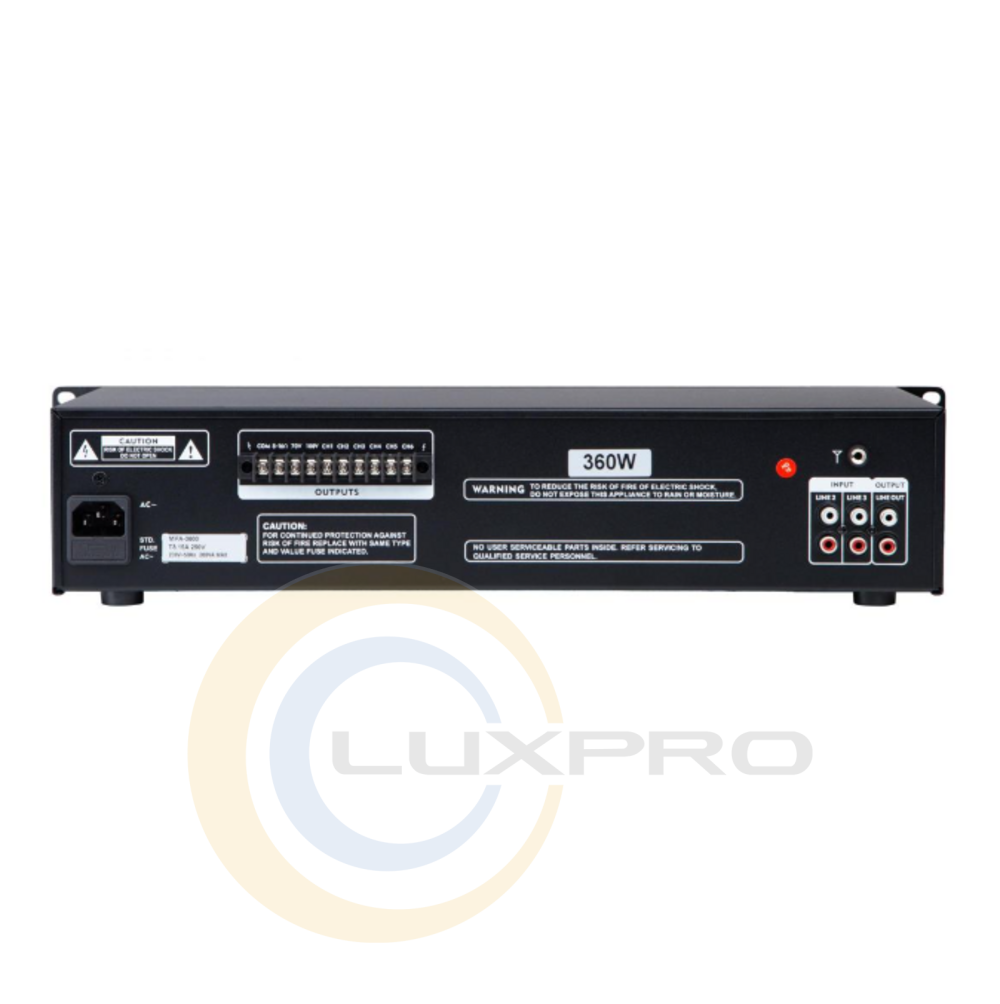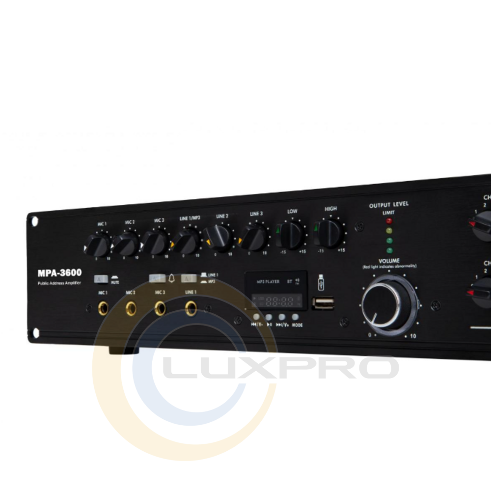 Трансляционный усилитель мощности MPA-3600 (6-ZONE). В сравнении со своимим конкурентами трансляционный усилитель MPA-3600 является более портативным за счет легкого веса и малого потребления электроенергии. Данная модель оснащена защитой от перегрева, перенапряжения, перегрузки по току, короткого замыкания, ограничением входного сигнала, ограничением выходного тока и другими комплексными системами защиты.
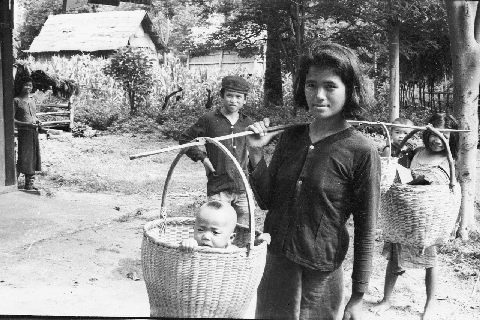 Woman on her way to the fields with children in carrying baskets, Ban Nong Tun, Amphoe Muang, Changwat Maha Sarakham, Thailand, May 1963
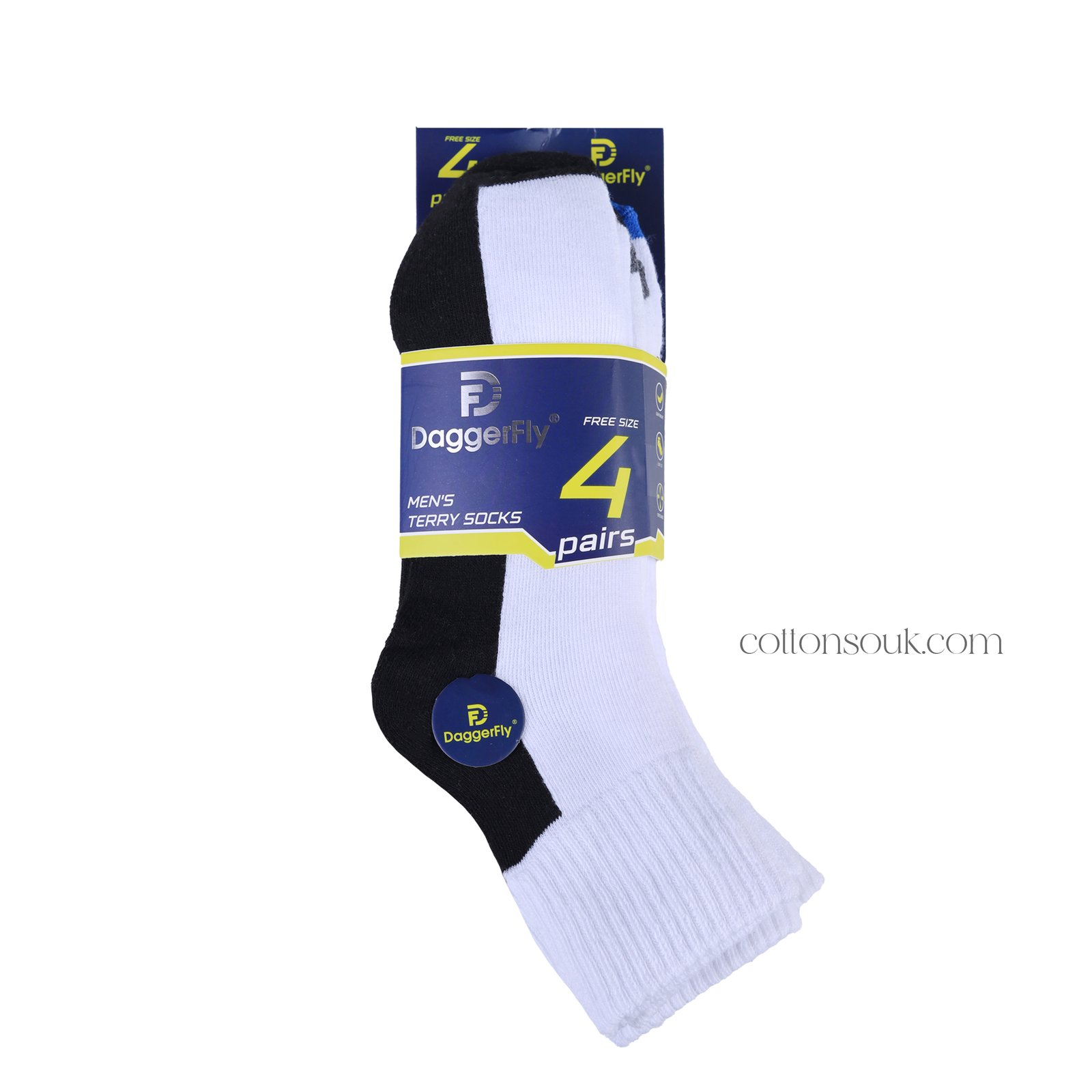 Buy Daggerfly men’s terry socks(white with detailing)4pk in UAE. Men’s terry socks, 4-pack. Low-cut, free size, white with colored accents, soft, breathable, and
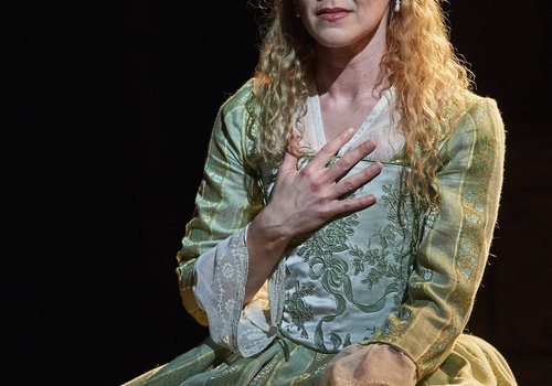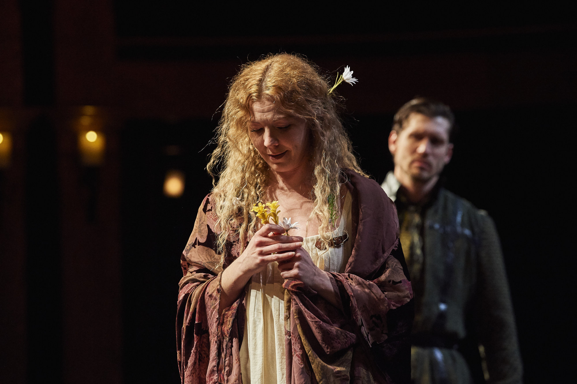 Ophelia, (actor, Erin Partin, left) in the Great Lakes Theater production of HAMLET at the Hanna Theatre, Playhouse Square which runs through April 15 (Photo by Roger Mastroianni)

════

■ Assigned task:
Write out the lines of the listing from the one that holds "Woman on her" to the very last line, both included, exactly as they appear and without any pictures.

■ Written response:
 Woman on her way to the fields with children in carrying baskets, Ban Nong Tun, Amphoe Muang, Changwat Maha Sarakham, Thailand, May 1963
 Buy Daggerfly men’s terry socks(white with detailing)4pk in UAE. Men’s terry socks, 4-pack. Low-cut, free size, white with colored accents, soft, breathable, and
 Ophelia, (actor, Erin Partin, left) in the Great Lakes Theater production of HAMLET at the Hanna Theatre, Playhouse Square which runs through April 15 (Photo by Roger Mastroianni)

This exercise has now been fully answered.